[Instructions for the task] The result should be a full, exact repeat of the entries, free of pictures.

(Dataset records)
============================================================
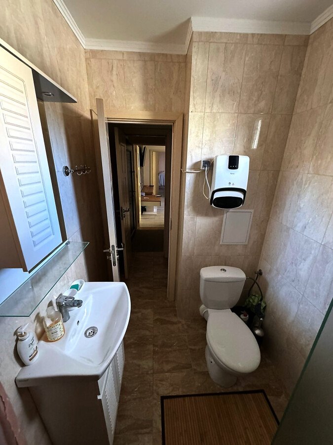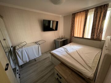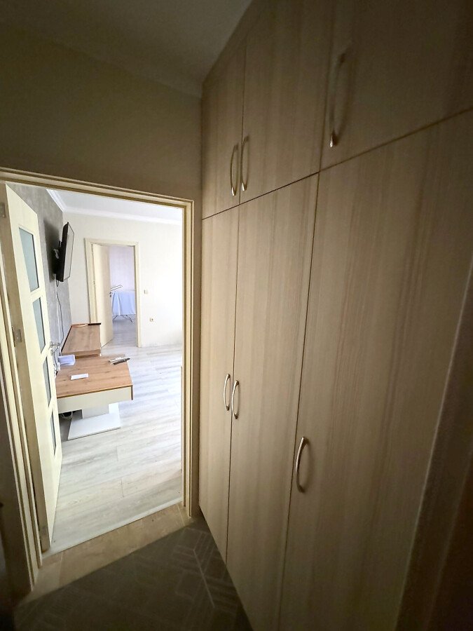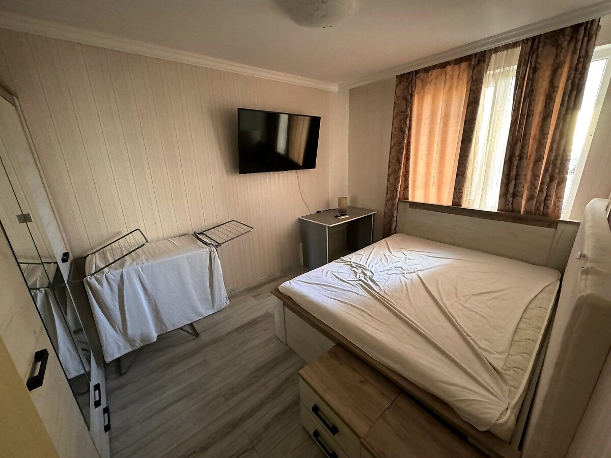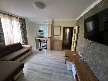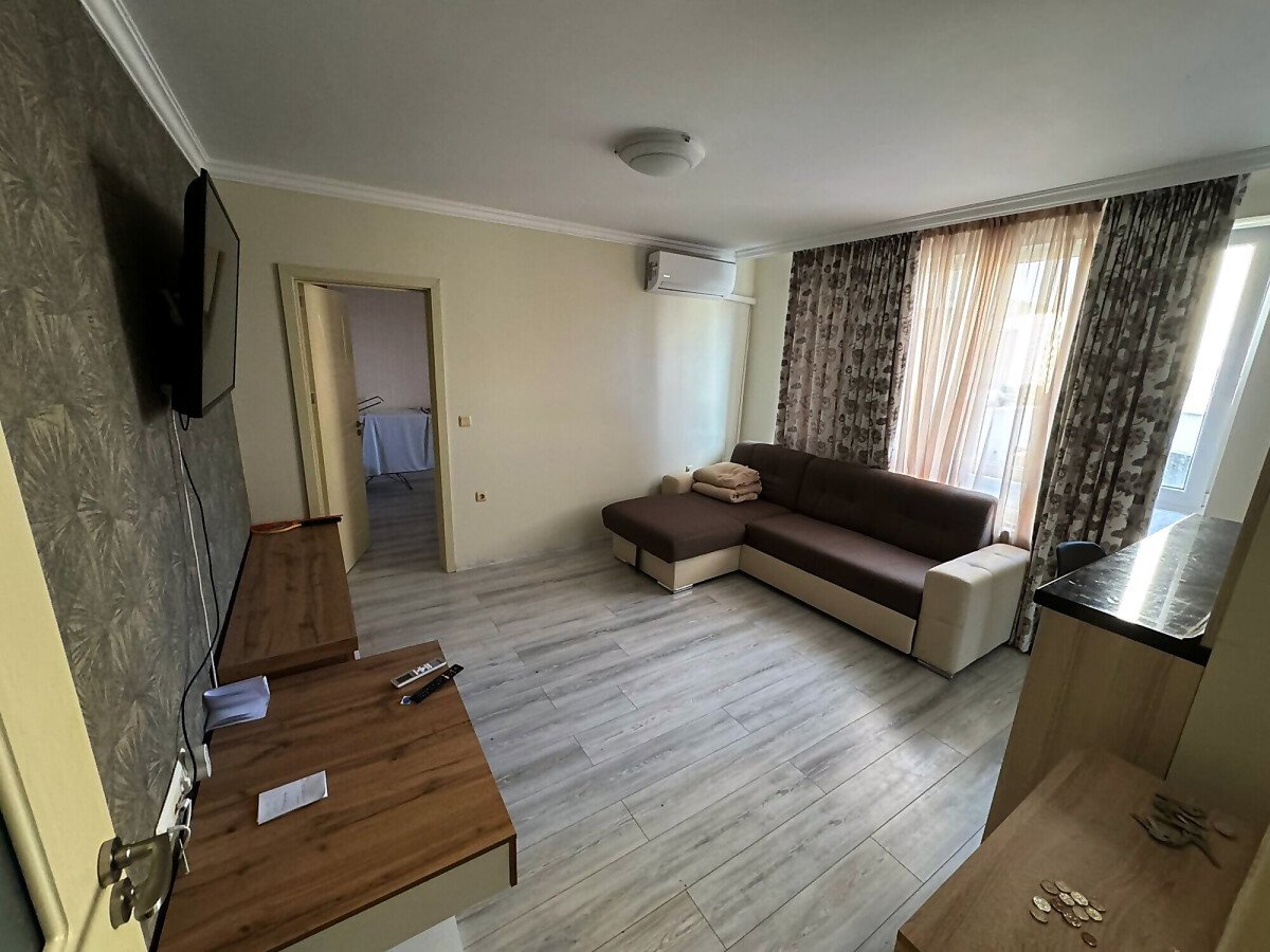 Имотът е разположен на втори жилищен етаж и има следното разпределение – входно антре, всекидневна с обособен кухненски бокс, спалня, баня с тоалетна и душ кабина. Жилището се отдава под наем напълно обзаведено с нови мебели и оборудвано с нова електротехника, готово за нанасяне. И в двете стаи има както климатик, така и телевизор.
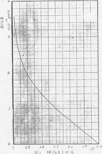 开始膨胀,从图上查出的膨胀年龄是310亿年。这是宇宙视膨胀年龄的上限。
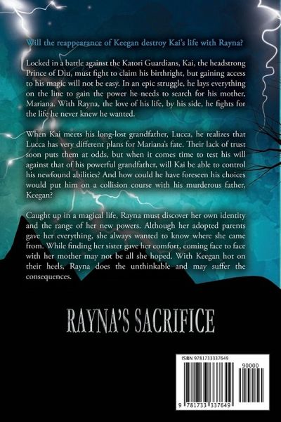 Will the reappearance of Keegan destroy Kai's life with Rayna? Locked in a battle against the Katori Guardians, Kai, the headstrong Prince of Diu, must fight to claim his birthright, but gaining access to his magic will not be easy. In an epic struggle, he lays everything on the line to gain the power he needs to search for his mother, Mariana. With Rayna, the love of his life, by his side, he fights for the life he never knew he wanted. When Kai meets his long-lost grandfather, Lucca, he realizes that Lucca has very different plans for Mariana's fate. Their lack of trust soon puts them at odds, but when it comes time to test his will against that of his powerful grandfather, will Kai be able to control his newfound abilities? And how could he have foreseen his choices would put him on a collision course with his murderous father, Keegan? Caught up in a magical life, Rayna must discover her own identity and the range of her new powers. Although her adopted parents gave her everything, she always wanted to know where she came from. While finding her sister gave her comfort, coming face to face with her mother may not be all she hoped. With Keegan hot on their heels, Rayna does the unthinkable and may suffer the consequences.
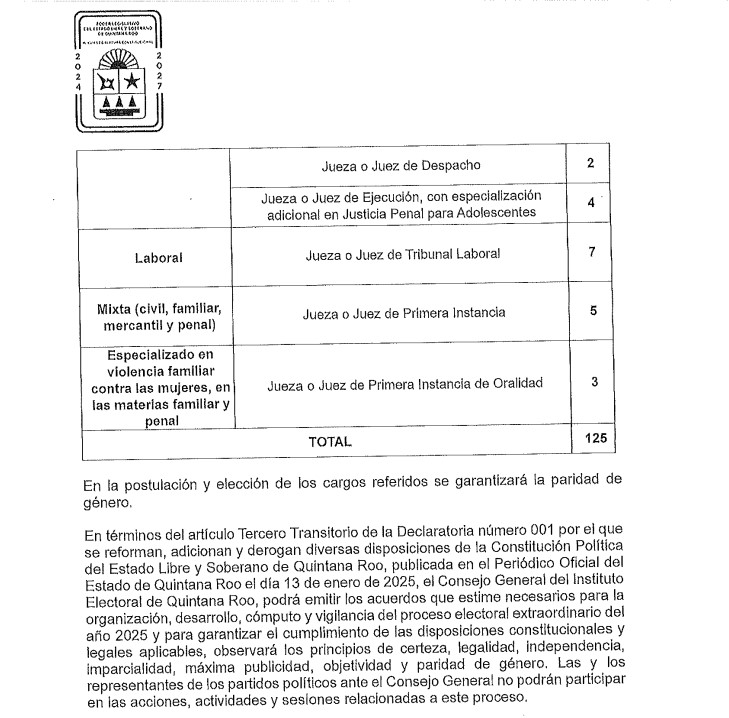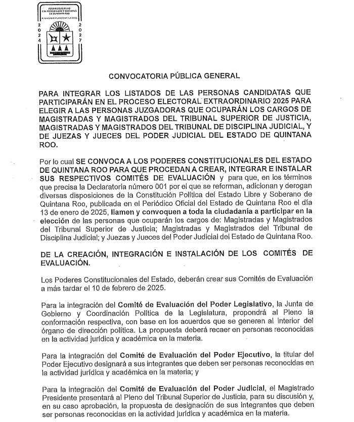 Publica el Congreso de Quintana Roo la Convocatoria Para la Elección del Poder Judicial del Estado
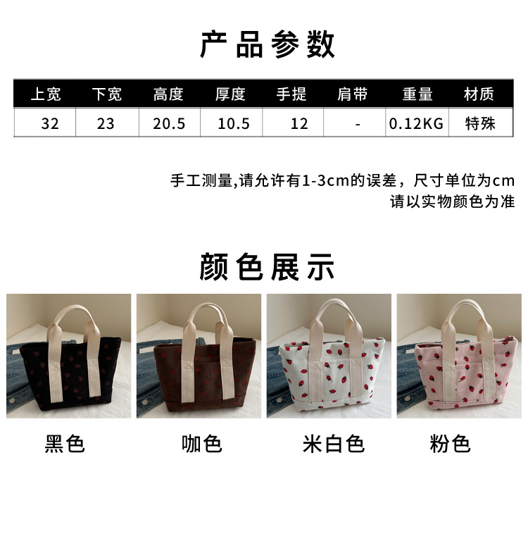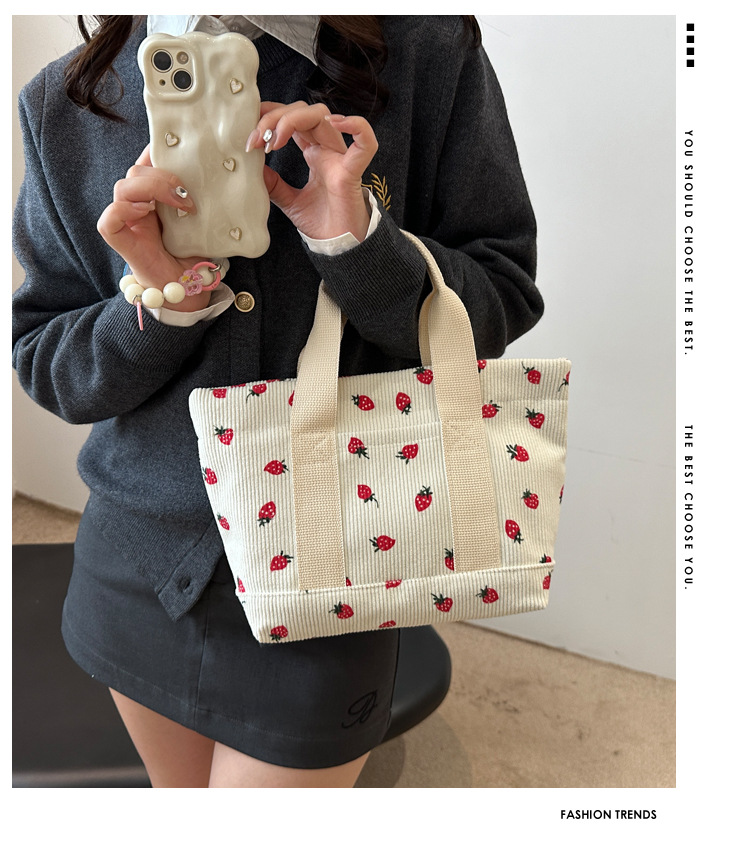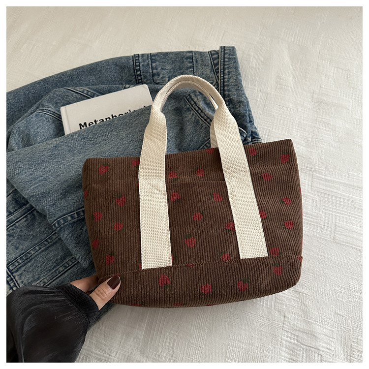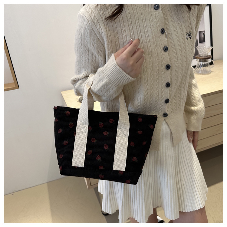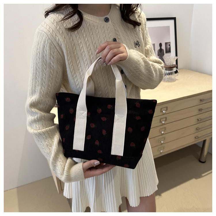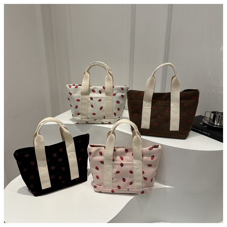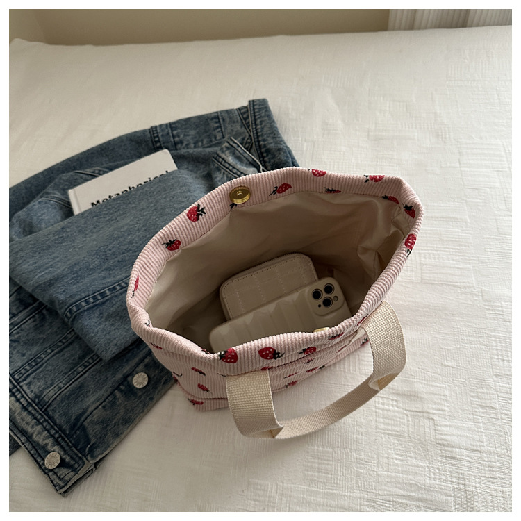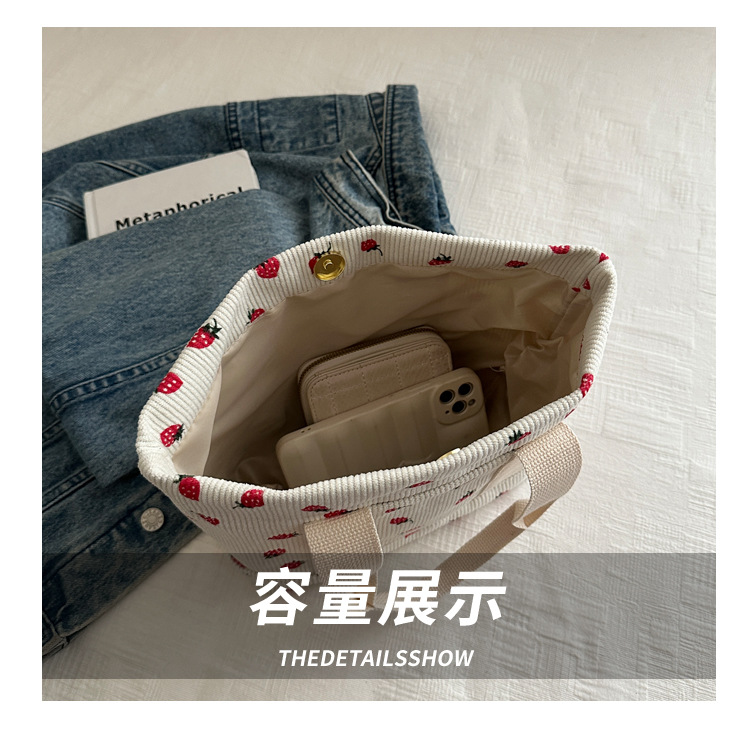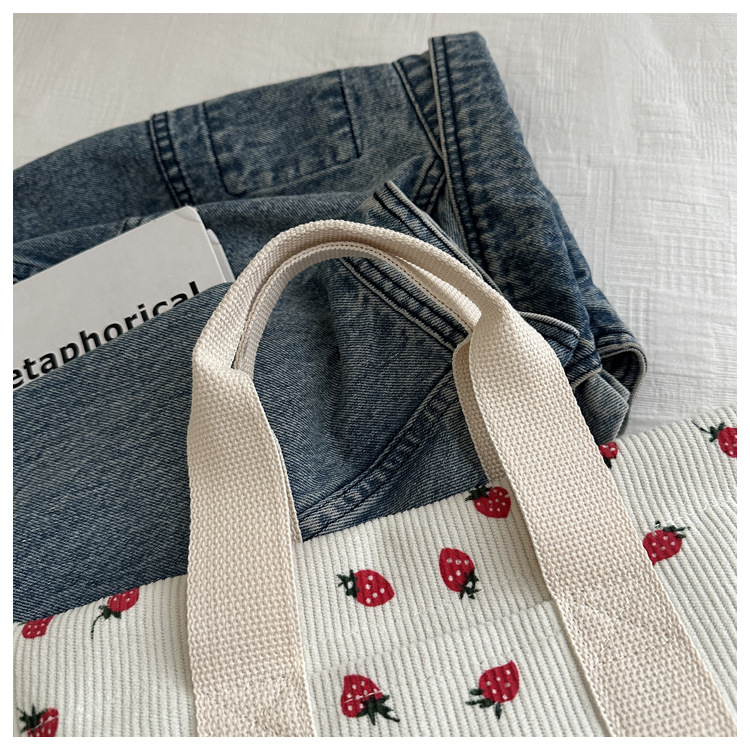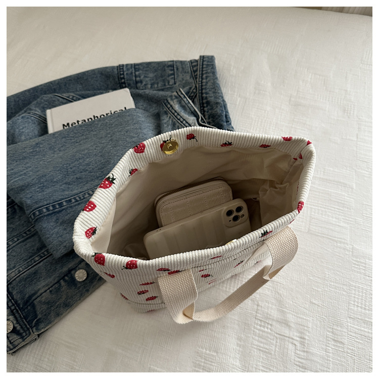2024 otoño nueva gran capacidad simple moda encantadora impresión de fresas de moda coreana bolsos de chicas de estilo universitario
============================================================
[Output of the exercise]
 Имотът е разположен на втори жилищен етаж и има следното разпределение – входно антре, всекидневна с обособен кухненски бокс, спалня, баня с тоалетна и душ кабина. Жилището се отдава под наем напълно обзаведено с нови мебели и оборудвано с нова електротехника, готово за нанасяне. И в двете стаи има както климатик, така и телевизор.
 开始膨胀,从图上查出的膨胀年龄是310亿年。这是宇宙视膨胀年龄的上限。
 Will the reappearance of Keegan destroy Kai's life with Rayna? Locked in a battle against the Katori Guardians, Kai, the headstrong Prince of Diu, must fight to claim his birthright, but gaining access to his magic will not be easy. In an epic struggle, he lays everything on the line to gain the power he needs to search for his mother, Mariana. With Rayna, the love of his life, by his side, he fights for the life he never knew he wanted. When Kai meets his long-lost grandfather, Lucca, he realizes that Lucca has very different plans for Mariana's fate. Their lack of trust soon puts them at odds, but when it comes time to test his will against that of his powerful grandfather, will Kai be able to control his newfound abilities? And how could he have foreseen his choices would put him on a collision course with his murderous father, Keegan? Caught up in a magical life, Rayna must discover her own identity and the range of her new powers. Although her adopted parents gave her everything, she always wanted to know where she came from. While finding her sister gave her comfort, coming face to face with her mother may not be all she hoped. With Keegan hot on their heels, Rayna does the unthinkable and may suffer the consequences.
 Publica el Congreso de Quintana Roo la Convocatoria Para la Elección del Poder Judicial del Estado
2024 otoño nueva gran capacidad simple moda encantadora impresión de fresas de moda coreana bolsos de chicas de estilo universitario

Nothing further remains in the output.